Eyüpsultan İlçe Müftüsü Basri Bektaş'tan yeni kitap: Kalbe yazılan yazılar
Eyüpsultan ilçe müftüsü Basri Bektaş'ın yeni kitabı, "Arzın Merkezinden Kalbin Merkezine Kalbe Yazılan Yazılar" Safa yayınlarından çıktı.

İstanbul Eyüpsultan İlçe Müftüsü Basri Bektaş'ın yeni kitabı çıktı.
"ARZIN MERKEZİNDEN KALBİN MERKEZİNE KALBE YAZILAN YAZILAR"
Safa yayın dağıtımdan çıkan, "Arzın Merkezinden Kalbin Merkezine Kalbe Yazılan Yazılar" isimli kitap satışa başladı.

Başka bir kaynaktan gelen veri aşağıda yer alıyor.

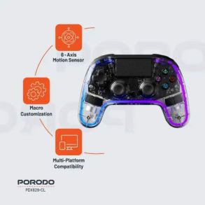The Porodo Gaming Crystal Shell PS4 Controller combines style, functionality, and versatility in one's game. It offers stable wireless over Bluetooth V5.0 connectivity and boasts an operating range of up to 8 meters, hence very suitable for high-intensity game sessions. Built with a 900mAh rechargeable battery, it keeps the fun going for 6-16 hours on a single charge and is equipped with a Type-C charging port for quick 3-4 hour recharging. Designed to be compatible with multi-platforms: PS4, PS3, PC (D-INPUT and X-INPUT), iOS, and Android. Enhanced features, including a 6-axis motion sensor, touchpad, and vibration, are added for immersive and precise control. Macro customization is allowed so that you can customize button functions based on your preference to personalize the gaming experience. Equipped with a 3.5mm TRRS audio jack, this Porodo Gaming Crystal Shell PS4 Controller ensures crystal-clear communication during the game. The design is ergonomic in nature, and its functions are versatile enough to be suitable for any gamer.

Okurlarla buluşan, Bektaş'ın yeni kitabına ilişkin açıklama şu şekilde;
“İnsan her zaman bedenini değil ruhunu da giydirmeyi bilmeli. Bütün zorluklara karşı kalbiyle konuşmalı. Bazen ikna etmeli, bazen de isyan. kalbi ile yol almalı, gece gündüz, dağ tepe yol yürümeli, kalbi ile arkadaşlık etmelidir. Korkmadan, ardına bakmadan, cesurca, başı dik, vakurla yürümeli. Yolu, sapmadan ve saptırmadan, dosdoğru ve dümdüz yürümeli. İnsan yol yordam bilmeli.” İnsan, ederini ve giderini bilmelidir. Kelamı israf etmeden her halde tasarruf ehli olmalıdır. Ne az ne çok; tam yerinde ve okkalı konuşmalıdır. İnsan enini boyunu ölçmeli; çapını, hacmini, giderini bilmeli. Sonra pazara çıkmalı ya da kendini pazara çıkarmalı. Kalbiyle ve de kalıbıyla yolculuk etmeli, yarenlik ya da arkadaşlık etmeli değil mi? En güvendiği yerden söze başlamalı ve en çok kıymetli yerinden kendini arz etmeli insan. Eğer bir kere pazara çıkmış veya çıkarılmışsa insan, “Bunu alan var mı?” denildiğinde, müşterisi bol olmalı değil mi insanın? Kalbine bakmalı insan, hem de en keskin nazarlarla. Bazen içerden dışarıya; bazen de dışarıdan içeriye... Kim var orada? Sahibi kim kalp ülkesinin? Sâkini kim beden devletinin? Nefis ülkesine kim/kimler hükümdar olmuş? Bu yurdun mimarı kim, mihmandarı kim! Şu Arap şairi işi bitirmiş olmalı! Yoksa bana mı öyle geldi? Siz ne dersiniz? İsterseniz bir de siz okuyunuz: “Kalbimin sakini onu imar edendir. Ben onu unutmuş değilim, daima onu zikrederim. İşitme ve görmemde bir an gafillik olsa da, kalbimdeki karanlık bile onu gösterir.” Kalbinize kim oturmuşsa, imar ve inşasını da o yapar. Gözü-kulağı bundan gafil mi sandın sen? Kalbin karanlıklarda kalmış olsa oraya hükmedene işaret eder. Hak Teâlâ bu hale gelmiş bir kalbi ve sahibini neden sevmesin? Ya da onun işiten kulağı, gören gözü, yürüyen ayağı, tutan eli niçin olmasın? (Ya Rabbi! Sen bizim tutan elimiz, yürüyen ayağımız, gören gözümüz, işiten kulağımız ol!) Âmin.